The patents describe yet another way to improve accuracy, which would be to melt off the synthesized material and add a new primer and repeat the run -- but perhaps altering run parameters.  That could include different orders of nucleotide flows, different timings of re-phasing approaches or even just running the chemistry differently.  They comment that the ideal ionic conditions for the polymerase may be very different than the ideal ionic conditions for their detection hardware.  An interesting bit related to this is that keeping ionic strength low may be challenge for buffering -- buffers add to ionic strength.  So instead of buffering with a typical salt -- such as TRIS HCl, they propose buffering with TRIS-HEPES (I've long since forgotten my buffering equations, so I won't go further).  Curiously, while they describe atmospheric CO2 as a major source of acid in need of buffering, I don't see the idea of running reactions under a neutral gas (such as dry nitrogen) mentioned. Another little charge issue -- they are very concerned with controlling charge to maximize sensor sensitivity -- is that on the surface of the beads.  Negative charges on the beads help keep DNA from sticking to it, but too much negative charge interferes with sensing.

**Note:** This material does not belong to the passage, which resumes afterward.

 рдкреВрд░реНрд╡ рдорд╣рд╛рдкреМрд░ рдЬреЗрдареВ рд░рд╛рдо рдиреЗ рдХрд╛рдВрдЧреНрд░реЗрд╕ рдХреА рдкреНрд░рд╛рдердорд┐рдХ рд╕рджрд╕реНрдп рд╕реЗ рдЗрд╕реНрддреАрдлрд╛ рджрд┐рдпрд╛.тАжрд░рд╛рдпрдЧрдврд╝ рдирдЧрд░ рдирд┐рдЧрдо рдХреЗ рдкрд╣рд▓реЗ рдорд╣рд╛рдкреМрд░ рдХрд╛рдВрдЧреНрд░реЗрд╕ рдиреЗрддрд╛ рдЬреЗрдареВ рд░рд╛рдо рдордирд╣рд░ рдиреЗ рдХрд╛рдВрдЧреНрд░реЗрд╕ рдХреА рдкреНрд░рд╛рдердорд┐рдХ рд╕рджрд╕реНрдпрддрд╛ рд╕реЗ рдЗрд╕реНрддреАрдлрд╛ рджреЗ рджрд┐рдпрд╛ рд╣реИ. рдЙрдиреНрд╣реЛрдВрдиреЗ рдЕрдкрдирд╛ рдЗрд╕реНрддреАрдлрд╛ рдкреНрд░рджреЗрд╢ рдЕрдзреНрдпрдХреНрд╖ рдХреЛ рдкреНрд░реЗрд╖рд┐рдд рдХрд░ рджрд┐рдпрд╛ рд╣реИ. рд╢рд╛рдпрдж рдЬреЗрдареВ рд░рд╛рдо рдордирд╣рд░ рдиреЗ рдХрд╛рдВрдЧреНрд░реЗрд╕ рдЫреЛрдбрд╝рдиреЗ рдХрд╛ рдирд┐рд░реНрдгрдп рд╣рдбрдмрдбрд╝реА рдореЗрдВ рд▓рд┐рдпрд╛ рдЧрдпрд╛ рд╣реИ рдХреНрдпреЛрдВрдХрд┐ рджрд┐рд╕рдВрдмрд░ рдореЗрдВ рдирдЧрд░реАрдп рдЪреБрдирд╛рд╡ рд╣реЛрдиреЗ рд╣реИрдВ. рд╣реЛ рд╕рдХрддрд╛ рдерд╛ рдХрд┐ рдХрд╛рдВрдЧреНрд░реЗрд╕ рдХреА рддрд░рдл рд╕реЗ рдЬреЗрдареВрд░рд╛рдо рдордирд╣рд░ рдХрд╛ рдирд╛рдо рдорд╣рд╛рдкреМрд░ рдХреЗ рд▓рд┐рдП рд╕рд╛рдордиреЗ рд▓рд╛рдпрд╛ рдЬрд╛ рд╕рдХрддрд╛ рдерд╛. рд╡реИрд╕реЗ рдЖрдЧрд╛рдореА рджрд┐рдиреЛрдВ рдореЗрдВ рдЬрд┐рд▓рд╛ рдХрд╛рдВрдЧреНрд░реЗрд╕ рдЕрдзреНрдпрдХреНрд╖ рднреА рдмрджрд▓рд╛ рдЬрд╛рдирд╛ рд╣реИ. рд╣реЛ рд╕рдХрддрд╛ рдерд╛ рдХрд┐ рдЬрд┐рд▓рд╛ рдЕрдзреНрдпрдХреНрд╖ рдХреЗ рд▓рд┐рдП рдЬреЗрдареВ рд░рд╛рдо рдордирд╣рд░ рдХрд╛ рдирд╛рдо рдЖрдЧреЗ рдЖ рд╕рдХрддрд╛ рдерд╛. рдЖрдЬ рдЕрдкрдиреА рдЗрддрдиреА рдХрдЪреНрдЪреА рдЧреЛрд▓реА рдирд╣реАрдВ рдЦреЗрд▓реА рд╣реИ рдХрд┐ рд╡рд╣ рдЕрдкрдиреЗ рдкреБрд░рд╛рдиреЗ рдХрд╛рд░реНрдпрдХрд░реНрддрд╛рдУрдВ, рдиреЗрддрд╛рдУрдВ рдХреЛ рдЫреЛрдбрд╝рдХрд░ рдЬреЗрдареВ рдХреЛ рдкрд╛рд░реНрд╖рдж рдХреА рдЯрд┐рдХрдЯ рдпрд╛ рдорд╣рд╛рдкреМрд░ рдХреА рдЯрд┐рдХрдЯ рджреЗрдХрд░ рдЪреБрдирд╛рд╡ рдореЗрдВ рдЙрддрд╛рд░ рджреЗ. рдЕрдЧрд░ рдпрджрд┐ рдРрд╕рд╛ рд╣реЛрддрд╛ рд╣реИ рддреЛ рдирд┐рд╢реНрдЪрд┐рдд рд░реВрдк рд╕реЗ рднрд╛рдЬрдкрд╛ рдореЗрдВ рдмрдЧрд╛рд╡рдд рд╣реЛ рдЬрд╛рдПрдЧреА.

Just to emphasize again: there are no free lunches.  Many of the above require additional reservoirs, pumps and plumbing and will add time to generating data -- and the issue of capturing all these quirky nuances of runs.  But for clinical applications getting a read length or accuracy edge might be valuable.  

Off to a different direction.  Ion Torrent's progress towards a whole human genome chip stalled out with the S2 chip when they couldn't get the data off the chip fast enough.  The Genapsys patents discuss synchronizing data acquisition with movement of the liquid through the flowcell.  They also discuss various ways of incorporating sample flow information into the basecalling algorithms, explicitly modeling cross-talk between beads.  There's also discussion of potential value of having some null beads on the array, beads with control sequences or even beads that are extended on every flow.

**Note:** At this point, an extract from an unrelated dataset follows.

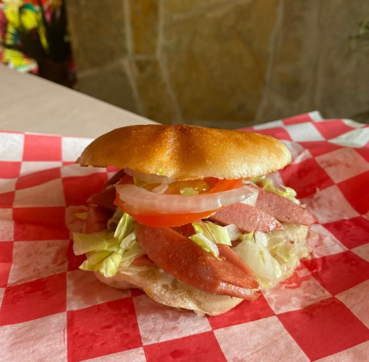 Incluye salchicha 50 g, lechuga, tomate, cebolla y mostaza.

Just reading the patents brings a new appreciation for the huge number of possible confounding factors in devising a practical sequencing chemistry.  And then they throw in other stuff -- the possibility of using the same detection electronics for reading out immunoassays or running qPCR.  They also touch on the possibility of controlling DNA synthesis or using the sensors for DNA-based data storage.

There's also a lot of attempts to cover wide ranges of possibilities.  A huge range of microfluidic possibilities are covered, including using the electronics to deliberately generate hydrogen or oxygen bubbles to cap wells or possible microdroplet schemes. Or PDMS valving.  And maybe using gels to retard fluid movement.  Or maybe using D2O so that the hydrogen (well, deuterium) ions diffuse more slowly. 

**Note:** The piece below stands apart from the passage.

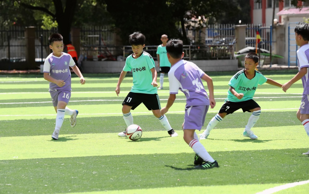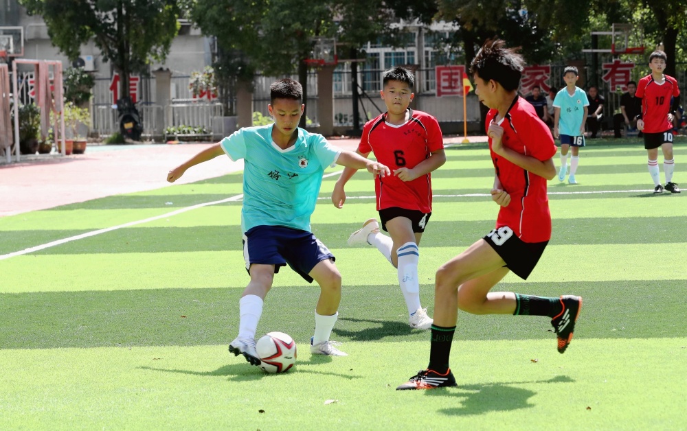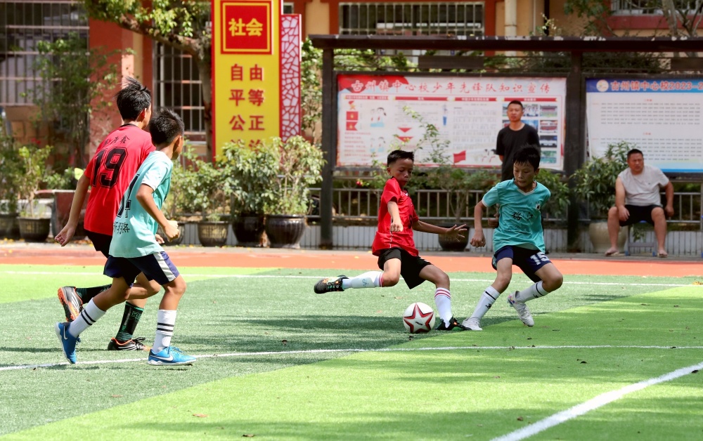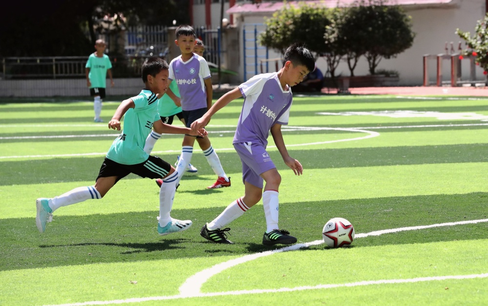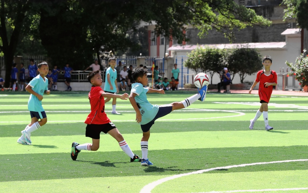 8月16日,在貴州省黔東南苗族侗族自治州榕江縣古州鎮(zhèn)第一小學(xué)足球場,古州鎮(zhèn)第二小學(xué)“班超”球員(藍(lán)衣)與寨蒿鎮(zhèn)中心?!鞍喑鼻騿T在賽場上拼搶。

Or going back to detection chemistries -- some are much like Ion Torrent and detect transient changes in pH, but they also describe using a redox-active surface that would be reduced by a DNA extension event and then could be re-oxidized by applying the appropriate charge.  That, and some other schemes, would have a stable signal which could be detected -- and one possibility suggested would be to run the extension reaction under one set of ionic conditions and the detection under a different set, each optimized for the particular step. 

And much more -- I've pretty much ignored the actual electronics schemes because that was never my forte.  And I'm sure I've mangled a few things and probably a number of my predictions of the box won't pan out.  But it's been fun -- dangerous fun, as I've started reading patents from some other startups.  But those are topics for some future post.